Seh ich auch so. Allerdings wär für die A Strecke ne AK-Wertung wirklich sehr interessant.

Ansonsten kann ich mich allen andern nur anschließen, Super Rennen, tolle Strecke (A), klasse Orga, ideales Wetter
Nächstes Jahr Pflichttermin!

Gruß Markus


----------



## wadelwunder (8. Juni 2009)

Hallo Wallberg,
 auch von mir ein Danke an alle Beteiligten.
Danke auch an Dich persönlich für die perfekten Vorabinfos.
A ist eine Schnuppertour, kein Marathon. Sehe ich genauso. Der soll doch nur Spaß machen. 
Kann man so ein Glück mit dem Wetter haben? Ich glaube der Wettergott schaut sich das Rennen auch gerne an und ist ein heimlicher Fan. Ich habe nicht daran geglaubt und war seehr glücklich. Perfekte Verhältnisse.

Ich muss schon sagen. "Oba vom Gas" war durchaus angebracht für mich, denn auf den letzten 3 Anstiegen der D hätte ich nur noch geflucht, wenn ich nicht vorher etwas sparsamer gewesen wäre. Die sind schon nochmal echt gemein, so am Ende... da fällt mir ein apropos "Oba vom Gas":


Ich habe mich sehr gefreut, dass es den motorisierten Streckenposten anscheinend auch eine Riesenfreude gemacht hat, ihre eigene Bergwertung zu fahren, Wenn dann nur nicht immer diese Steine gegen die wertvollen Carbonräder knallen würden
. Ich fahre selbst auch motocross und weiss, wieviel Spaß das macht, den Berg wide open raufzufräsen. Aber auch an der Stelle wäre es nett, wenn die schnellsten von ihnen ein Bergtrikot bekommen würden mit "OBA VOM GAS!" 

Hallo GTRob:

Wallberg 670hm 17%Schnitt
Kühzagl 350hm 15%Schnitt
henner-Kreuzbergsattel 300hm 13% Schnitt
Gallaun 283hm 13% Schnitt 
Alle Anstiege haben aber Spitzen mit über gut 20%


----------



## wallberg (8. Juni 2009)

Danke, Danke, Danke,
leite dies natürlich an unser Team weiter,
macht Laune für 2010 oder auch schon 2009!

Wir hatten aber auch entsprechend gut gelaunte und freundliche
Teilnehmer, es wurde wohl sehr fair gefahren!!!

wallberg!


----------



## Spenglerextrem (8. Juni 2009)

Kann mich den Vorrednern nur anschließen.
Einfach ein super Event.

Und behaltet die Netto-Zeitnahme bei.

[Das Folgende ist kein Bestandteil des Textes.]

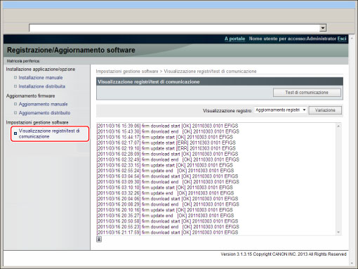 Premere [Impostazioni gestione software] → [Selezione visualizzazione registro] → [Visualizzaz. registri aggiornam.].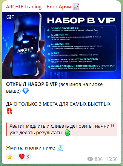 В описаниях проекта ARCHIE Trading | Блог Арчи фигурирует схема, где вход в закрытый чат бесплатной, но есть условия, а именно: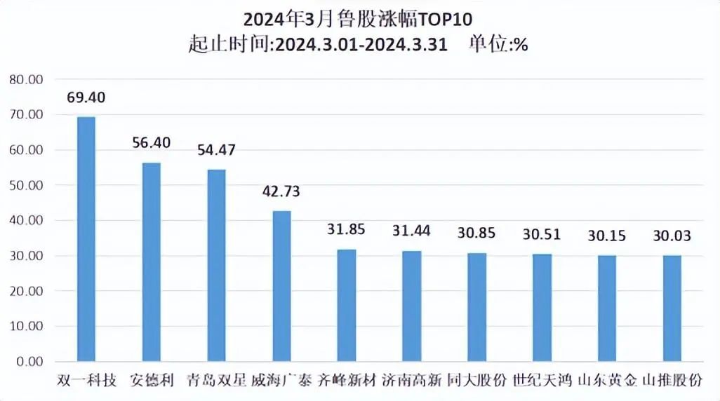 3月,鲁股月度区间涨幅最大的是双一科技(300690.SZ),涨幅为69.40%;紧随其后的是安德利(605198.SH),区间涨幅为56.40%;此外,青岛双星(000599.SZ)、威海广泰(002111.SZ)涨幅也超过40%。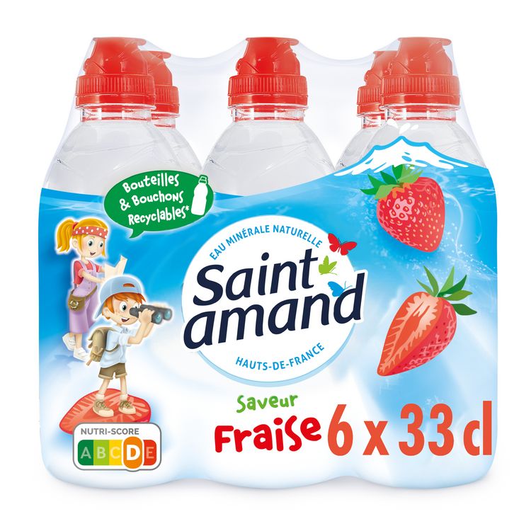 Saint Amand vous propose une eau minérale aromatisée à la fraise.

Darüber Ärgern sich vielleicht die 3 Ersten aber für die 450 anderen Teilnehmer ists wesentlich Fairer und entspannt die Drängeleien (dies dieses mal fast nicht gab) am Start enorm.

Hat jemand die Höhenmeter der A-Runde aufgezeichnet ?

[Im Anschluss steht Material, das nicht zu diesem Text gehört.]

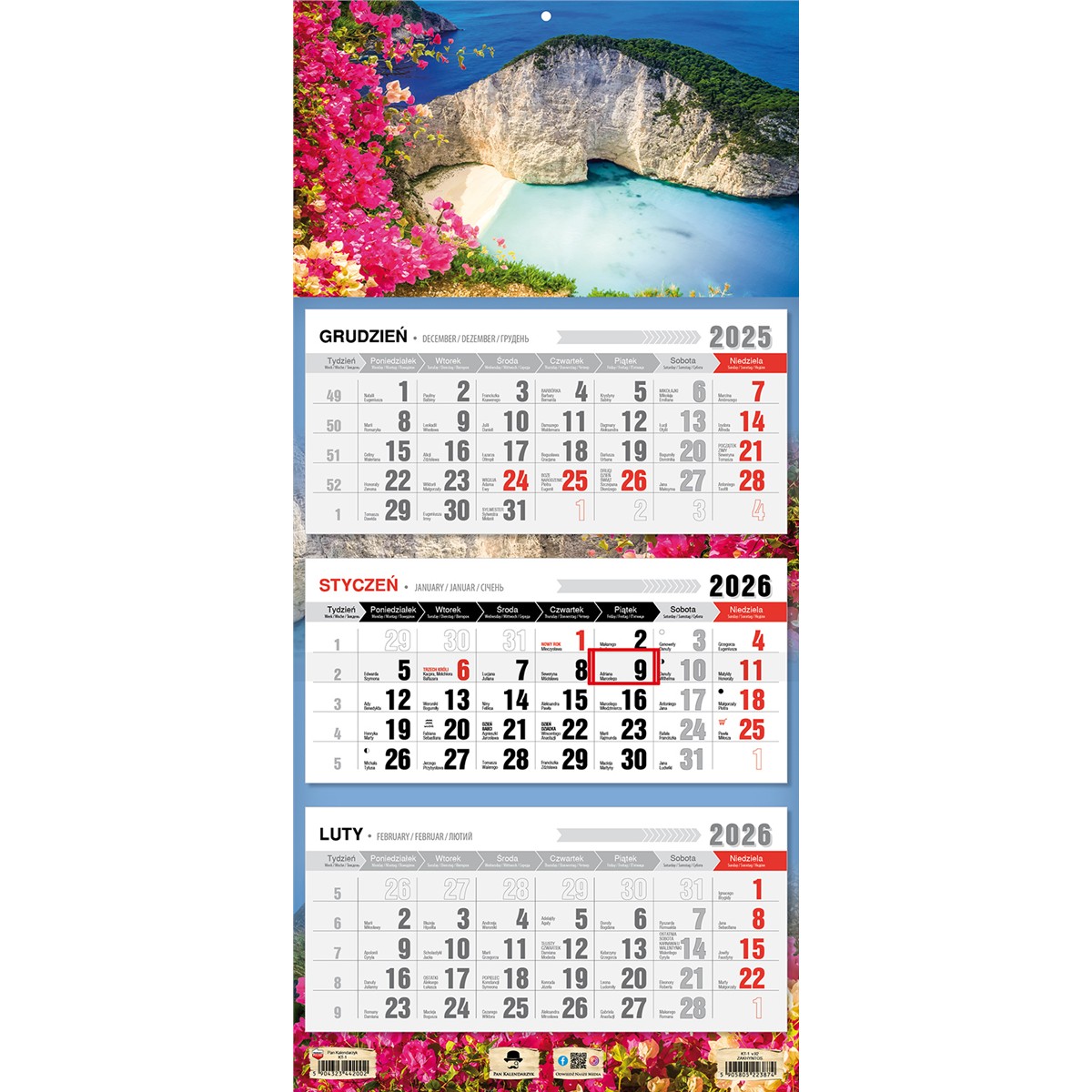 • Kalendarz oryginalnie pakowany w folię

Mein VDO sagt nur 610 hm, das GARMIN meiner Freundin 594 hm.

Aber egal, nächstes Jahr wirds sicherlich die B-Runde !

Dank nochmals an die ORGA,

Spenglerextrem


----------



## Trailhunterer (8. Juni 2009)

wadelwunder, der schnitt ist ganz nett, wenn es doch der wirklichen steilheit nicht rechnung trägt.

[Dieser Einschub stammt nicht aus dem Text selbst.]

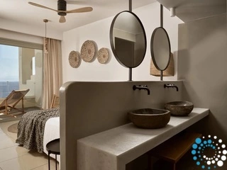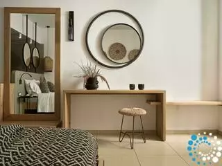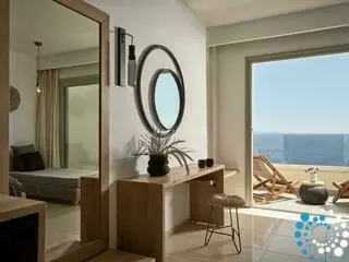 Kom tot rust in een stijlvol ingerichte, ruime kamer van 26 m², ontworpen om te kalmeren en te inspireren. Zachte neutrale tinten en natuurlijke houten accenten creëren een rustieke, kustachtige sfeer met een warme en uitnodigende uitstraling. Het lichte interieur opent naar een balkon met adembenemend zeezicht, terwijl het gedeelde zwembad een prachtig panorama biedt op de bergen en de zonsondergang — de perfecte plek om te ontspannen en nieuwe energie op te doen.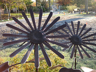 Above is our sunflower sculpture out in the gardens with a nice frosty edge. We have about a dozen of these sculptures around the gardens, most of which were created by Brady Lueck, a local sculptor and artist. Despite the small crew today, it was busy around the gardens. Kay was here and haule

schlussanstieg, galaun hat gute 30%


----------



## wadelwunder (8. Juni 2009)

Trailhunterer schrieb:


> wadelwunder, der schnitt ist ganz nett, wenn es doch der wirklichen steilheit nicht rechnung trägt.
> 
> schlussanstieg, galaun hat gute 30%


und genau da hatte der Spaß ein Loch!

Kann mich da nur anschliessen: Der Schnitt sagt nur wenig aus. Mein HAC zeigt ab 20% nur in 10er Schritten und leider nur bis 30% an, daher kann ich nie Auskunft über die tatsächlichen Steigungen geben, aber die letzten 3 Anstiege der D hatten alle gefühlte 30% . Wallberg durchgehend gefühlte 18%


----------



## Silberrücken (8. Juni 2009)

Und wie hat das mit Deinem 28er Ritzel funktioniert Wadelwunder?


----------



## MTB-News.de




----------



## wadelwunder (8. Juni 2009)

Silberrücken schrieb:


> Und wie hat das mit Deinem 28er Ritzel funktioniert Wadelwunder?



Garnicht. 
Ich hatte, nach dem ich vor 2 Wochen die D mit einem 27er Paket abgefahren war beschlossen, mit einem 32er zu fahren. Ich bin für die TG gemeldet und trainiere mich gerade darauf, nicht zu früh zu verbrennen. Das geht mit einem 27er bei meiner bescheidenen Leistung und so einer Strecke garnicht.


----------



## teppiche (8. Juni 2009)

Auch von meiner Seite ein großes Kompliment an die Ausrichter, insb. an Wallberg, der uns seit Januar ständig auf dem Laufenden gehalten hat.
Hier wird mit Streckenposten nicht gekleckert!  ...und selbst als ich ins Ziel gekommen bin hatte ich innerhalb von wenigen Sekunden eine kühle Apfelschorle in der Hand


Eine kurze Frage an Wallberg: War die C-Strecke identisch mit der von 2008?


----------



## Fusion-Racer (8. Juni 2009)

Ein Frage hab ich noch an wallberg:

wie seit ihr auf die 1480Hm bei der B-Strecke gekommen???
mein Garmin hat knappe 1200Hm ausgespuckt und in den letzten Jahren standen doch auch immer ~1200Hm in der Ausschreibung, oder?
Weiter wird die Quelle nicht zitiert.